Other war trauma books:
Tracy Kidder, My Detachment
Tobias Wolff, In the Pharoah’s Army
William Manchester, Goodbye Darkness
Note: Many soldiers walk away from deadly injury and regain their sense of purpose. For “Shades of Darkness” author, George Brummell, the challenges of coping with his blindness became his urgent task, and he went on to actually increase his education, and become director of the Blinded Veterans Association.
Note: Memoirs of people who have crashed and burned are not just about soldiers. Many of life’s most severe problems dismantle the sense of self that keeps us safe. In this article I talk about four people who walked into traps of various sorts and felt their lives becoming dismantled.
Betrayal shatters faith in the world.
Jonathan Shay says that an important contribution to a soldier’s unraveling is a sense of betrayal, that the organization is not protecting him. For example, faulty weapons in Vietnam were interpreted as a sign that the military really wanted the soldiers to die. I knew that most Vietnam soldiers felt betrayed by the lack of civilian support, but I was surprised to learn that many soldiers hated the officers who were directing them in battle. The hatred was based on the belief that decisions were made more for the officer’s own career advancement than on the safety of soldiers or effective military strategy.

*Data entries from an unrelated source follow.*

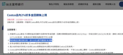 我是廣告 請繼續往下閱讀 針對好市多聯名卡,原本台北富邦銀行提供新戶辦卡滿額享500元好多金、會員續約則有200元好多金,指定消費可依刷卡額享0.5%至3%不等的好多金,其中Costco店內消費2%回饋無上限,店外一般消費也有1%好多金回饋無上限,而且分期也能享有回饋。
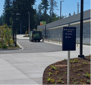 - Exit the Link Light Rail platform and walk east (away from the platform and I-5), toward the “Pick Up & Drop Off” outlined in green below
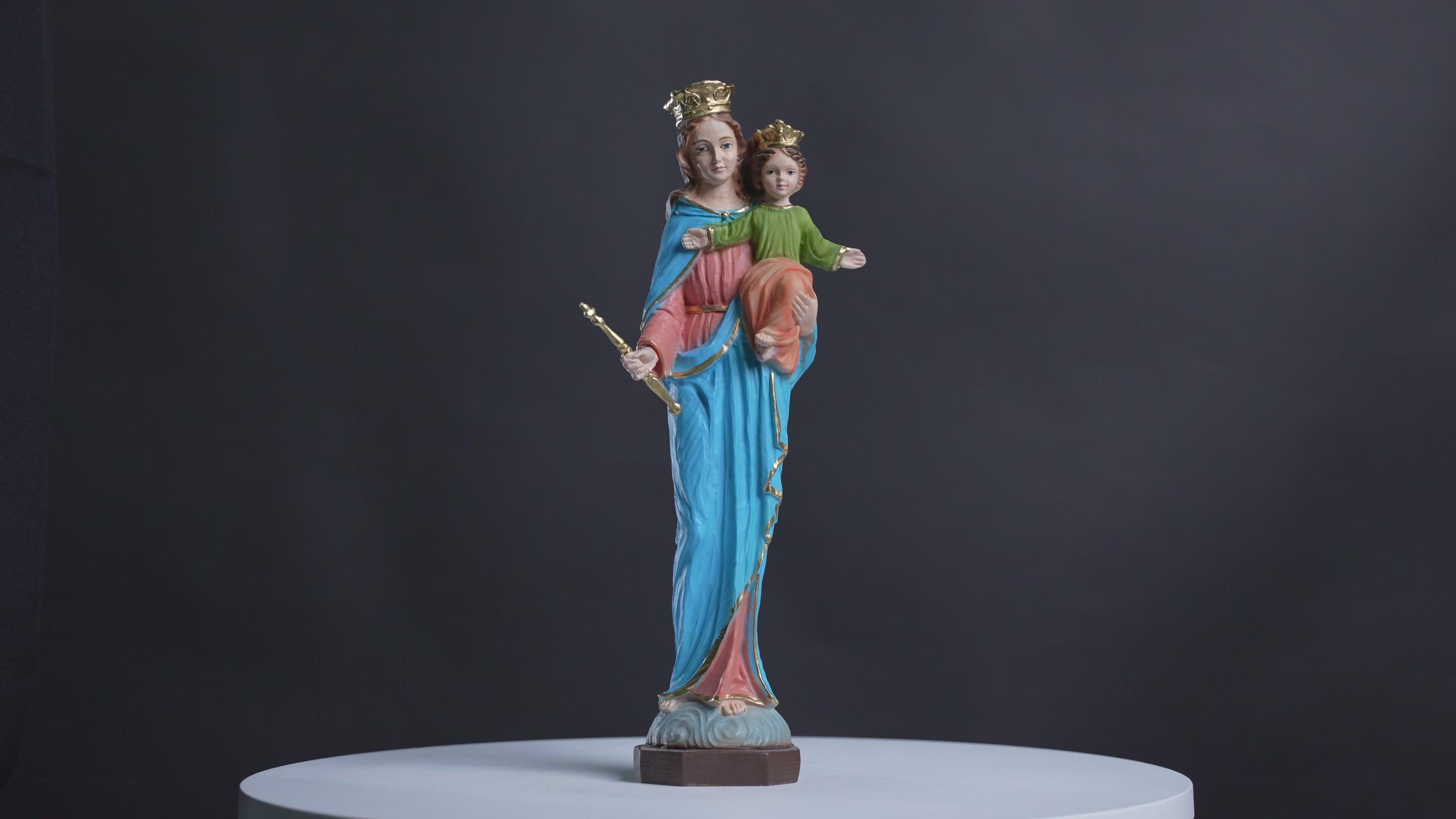 This is our beautiful statue of Mary Help of Christians / Maria Auxiliadora. Also known as Our Lady of Help of Christians.  Its a Marian devotion with a feast of May 24.  The statue its made on our partner shop in Luca, Italy. The statue its made on a traditional plaster mold, then clean and finish by the local artist. Next its hand painted by the ladies at the shop that have been working there for many years. We are very proud to be able to offer this great hand made quality statue at a very reasonable price. It makes a fantastic gift to any house and family. The devotion of the Our Lady of Help of Christians its very strong and much loved all over the world. We will add a gift prayer booklet from us to your order. Many Blessings to all the families.
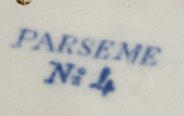 | 5d | Decornaam: Parseme nr. 4. Beeldmerk: Parseme No 4 en cijfer 4. Signatuur 1185. |
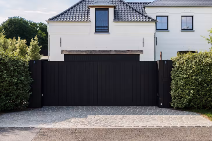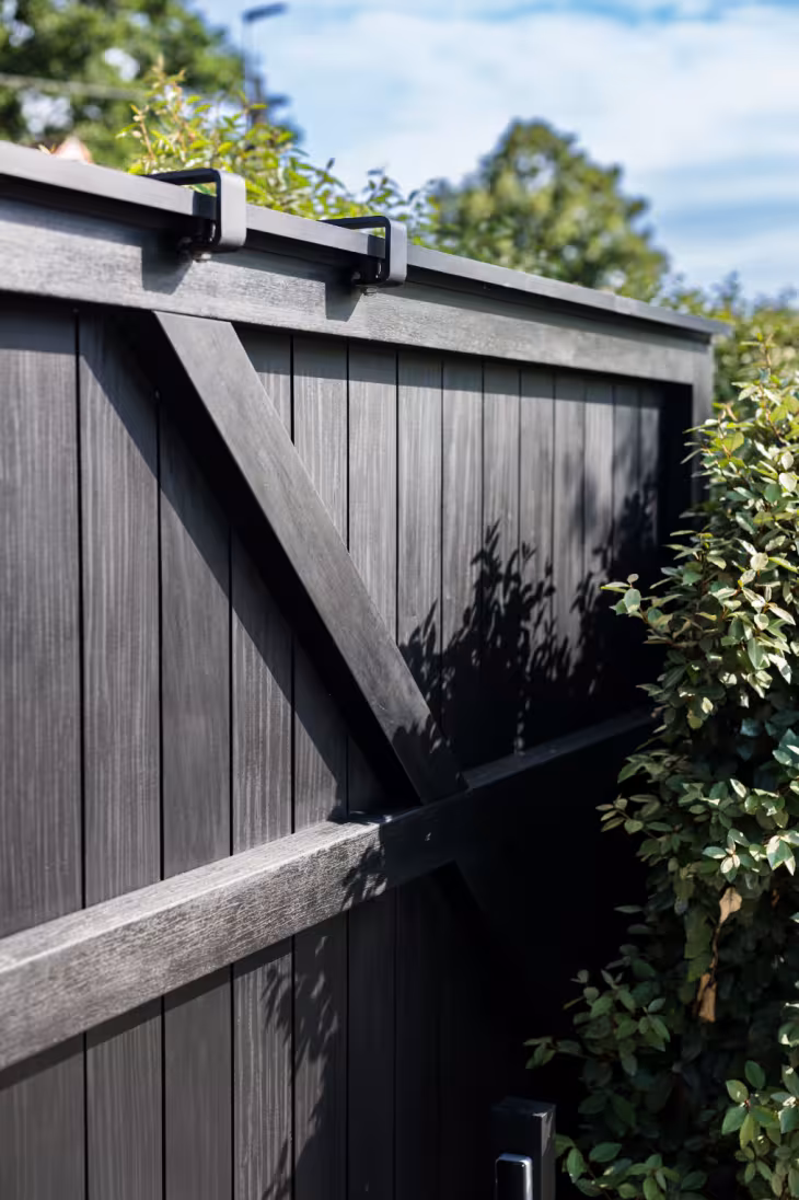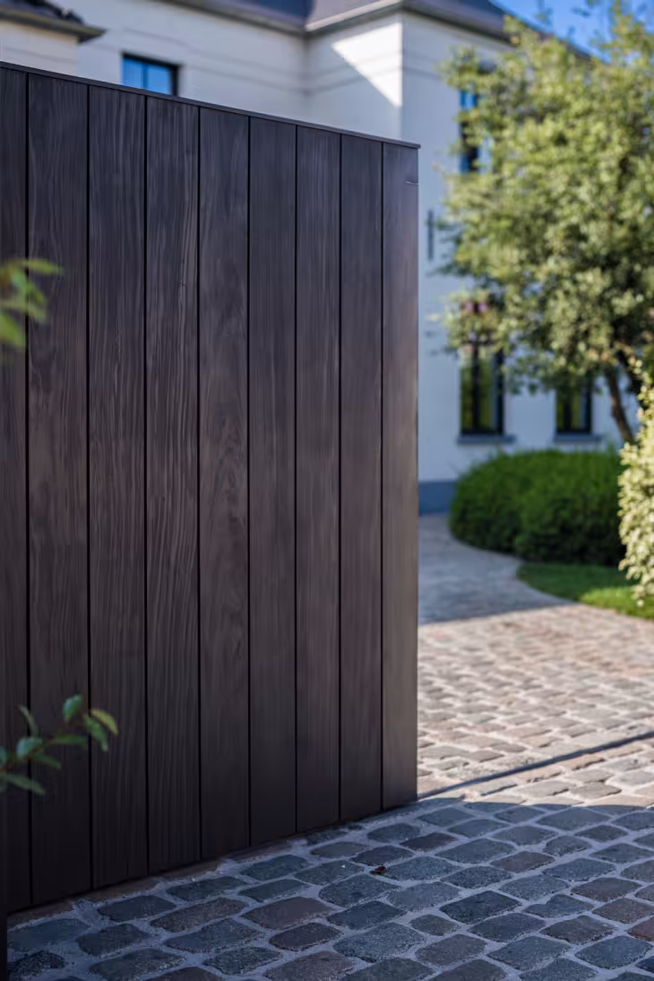 Portail coulissant en bois teinté noir avec motorisation - en Flandre orientale Matériaux Bois Vous avez un projet similaire en tête ? Contactez-nous Image Image Image Image Image Retour à l'aperçu
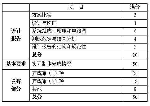 3.設計報告正文應包括系統總體框圖、核心電路原理圖和主要的測試結果。完整的電路原理圖、重要的源程序和完整的測試結果可用附件給出。
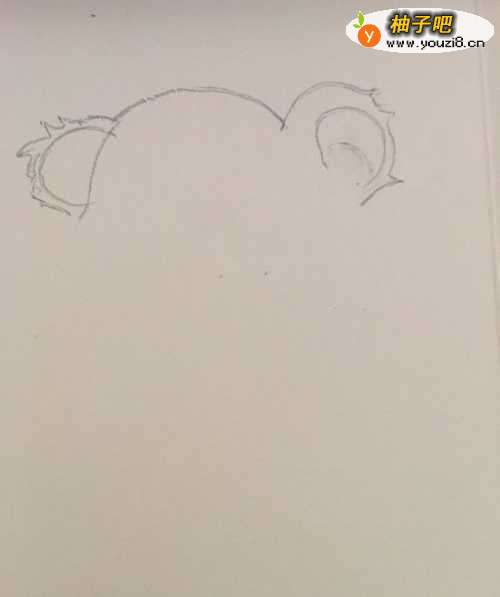 第一步 先画上熊猫的两只圆圆的耳朵 和它的天灵盖
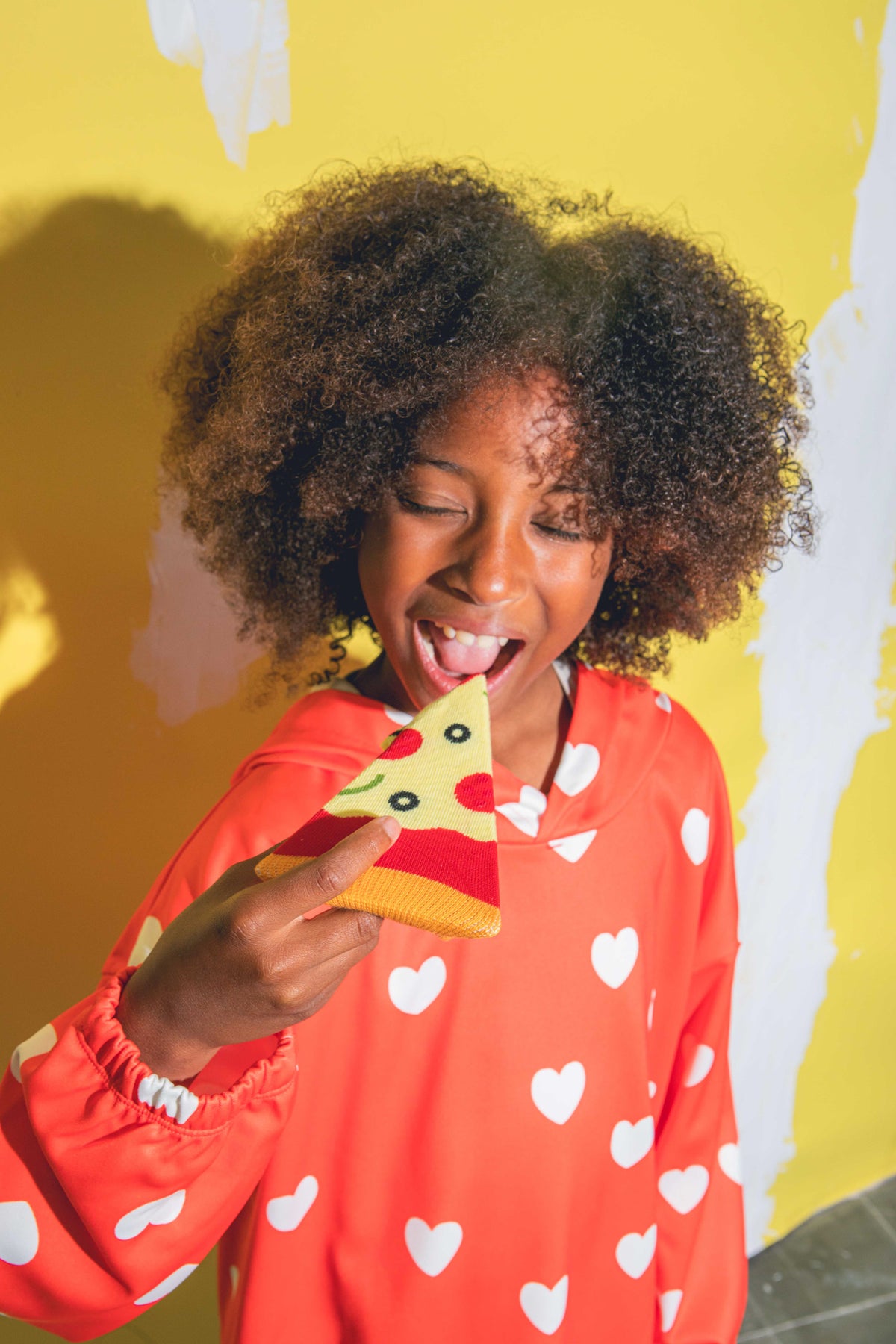 Herkesin favori İtalyan yemeği şeklindeki bu nefis çoraplar, her kombine eğlenceli bir dokunuş katmak için ideal. Minikler, attıkları her adımda pizza sevgilerini gösterebilir. Buon appetito!
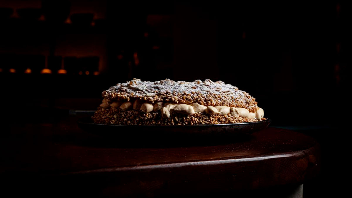 El postre de la temporada se construye con una base de pan brioche ligero, esponjoso y aromático, que sirve de marco para el relleno de nata con toffee de miso, inspirado en el caramelo salado tradicional de la pastelería francesa. En lugar de la sal habitual, Nagahira incorpora miso, un clásico de la cocina japonesa, que aporta un delicado toque salino y un profundo umami.
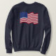 A traditional waving American Flag decorates this classic sweatshirt.
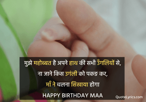 मुझे महोब्बत है अपने हाथ की, सब उगंलीयों से, ना जाने किस उगंली को पकङ कर, माँ ने चलना सिखाया होगा Happy Birthday Maa
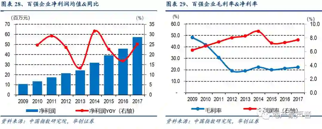 2、17年百强企业毛利率22.3%、净利率7.7%,分别+1.2pct、+0.4pct,盈利能力持续提升
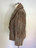 MINUET BROWN,CREAM & ORANGE WEAVE WOOL BLEND SKIRT SUIT SIZE 14
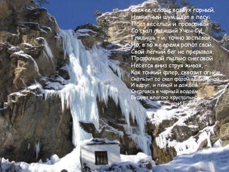 Свежее, слаще воздух горный.Невнятный шум идёт в лесу:Поёт весёлый и проворныйСо скал летящий Учан-Су!Глядишь – и, точно
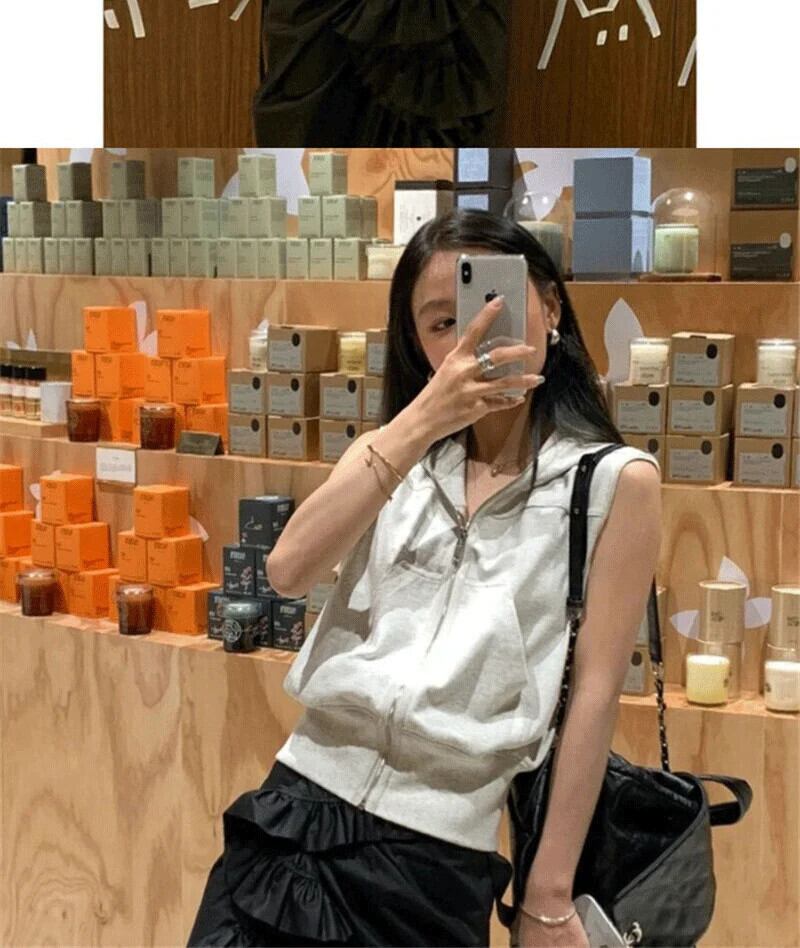 ベストジッパーポケットコートクロップトップ Y2k 美的グランジパーカー ese ストリートフード付き Tシャツ夏 サマー 夏物 ソリッドカラー
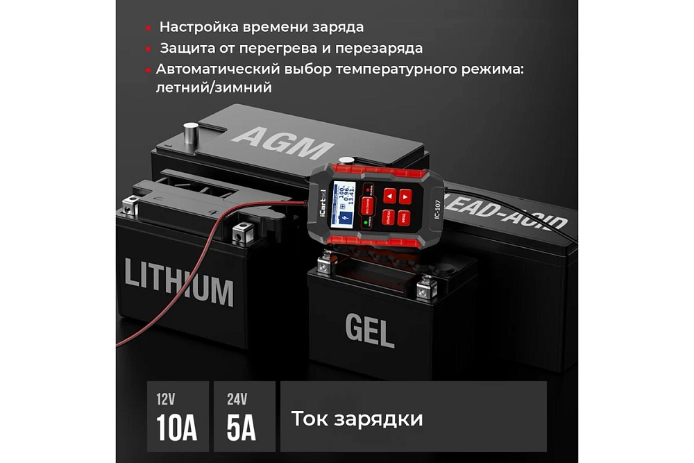 - Подходит для всех свинцово-кислотных АКБ, в том числе АКБ AGM плоские и спиральные, GEL и EFB аккумуляторы для грузовиков, литиевые АКБ, АКБ газонокосилок и другой садовой техники
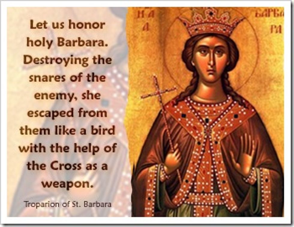 I would like to introduce Saint Barbara whose Feast Day is celebrated on December 4th by the Catholic church. St. Barbara lived a secluded life in which she learned about Christianity, and found inner peace through the love of Jesus Christ.
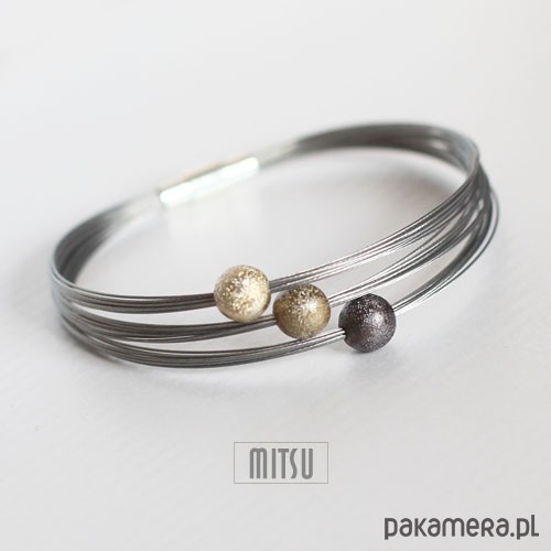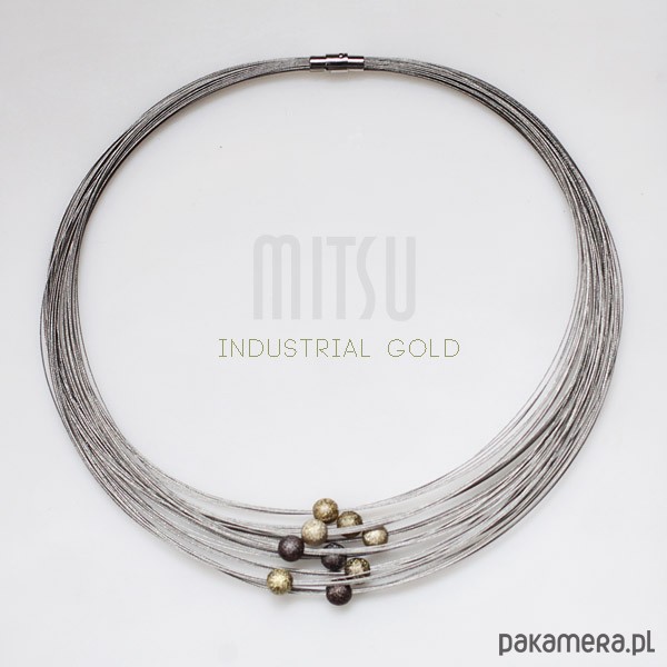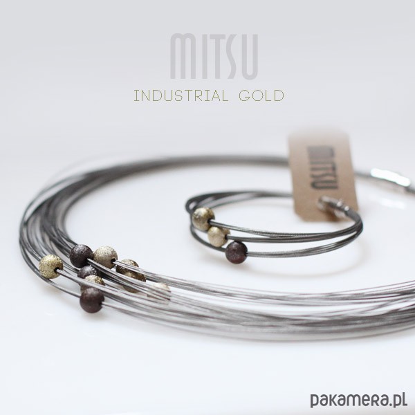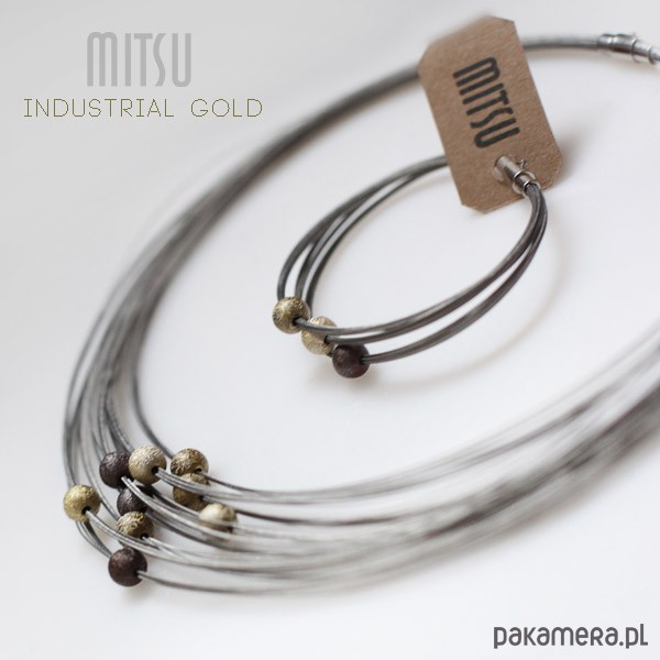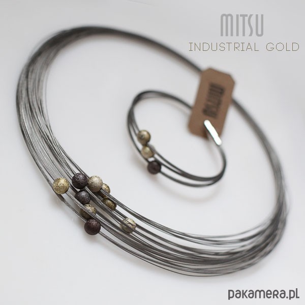 Komplet złożony z naszyjnika i bransolety typu slim. Nowoczesny industrialny charakter, w lekko złotej tonacji. Wykonany na bazie stalowych linek krytych nylonem oraz teksturowanych kul. Zapięcia magnetyczne. Całość podróżuje ładnie zapakowana. Polecam :)
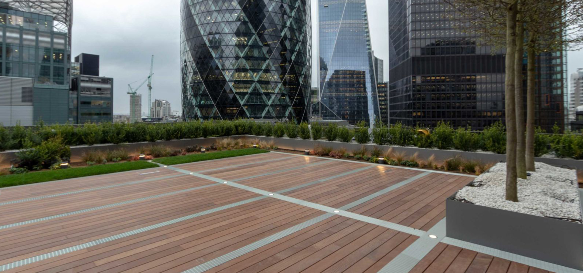 100 Bishopsgate is part of a mixed-use commercial development by Brookfiled Multiplex and Architects Allies & Morrison. The forty-storey tower is anchored by five contiigious podium floors and will provide an area of 944,800 sqft. Buzon UK were specified to supply and install adjustable pedestals to support The Outdoor Deck Company high grade IPE timber decking on the roof terrace at 100 Bishopsgate to create a stunning relaxing space.
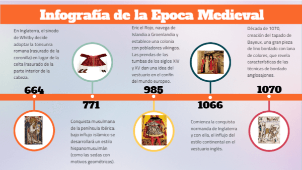Década de 1070, creación del tapado de Bayeux, una gran pieza de lino bordado con lana de colores, que revela características de las técnicas de bordado anglosajones.
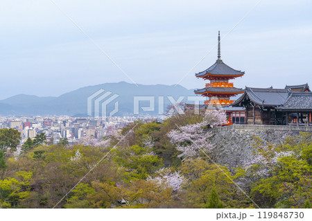 満開の桜と清水寺 三重塔と清水の舞台

Shay suggests this attitude about rear-echelon officers had a parallel in the Iliad. In ancient mythology the gods on Mount Olympus manipulated the outcome of the battle based on childish selfish desires.
The soldiers in Homer’s time used mythology and rituals to appease the gods. Modern soldiers have no such talismans. Once a modern soldier becomes convinced “The System” is capricious, irrational, and malevolent, they cross into a state of alienation from society and authority, and many of them carry this alienation back with them when they return home. Such betrayal from above undermines the basis for a sane, healthy energetic involvement in society.